### Exercise prompt
In the records below, find the line that contains "25.+26.8.2007 | ||" and the line that contains "jar 파일이 저장될 디렉토리를 확인하고, 'OK' 버튼을 클릭합니다.", then retype exactly those two lines and every line between them.

START Records to use

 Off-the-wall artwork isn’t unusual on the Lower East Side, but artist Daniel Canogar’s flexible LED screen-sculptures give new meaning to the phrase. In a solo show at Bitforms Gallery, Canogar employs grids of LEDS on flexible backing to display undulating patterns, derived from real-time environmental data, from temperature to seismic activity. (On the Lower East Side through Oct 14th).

END Records to use
START Records to use

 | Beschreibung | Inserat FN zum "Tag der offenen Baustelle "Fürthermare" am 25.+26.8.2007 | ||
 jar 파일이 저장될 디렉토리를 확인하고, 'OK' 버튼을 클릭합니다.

END Records to use

### Exercise output
 | Beschreibung | Inserat FN zum "Tag der offenen Baustelle "Fürthermare" am 25.+26.8.2007 | ||
 jar 파일이 저장될 디렉토리를 확인하고, 'OK' 버튼을 클릭합니다.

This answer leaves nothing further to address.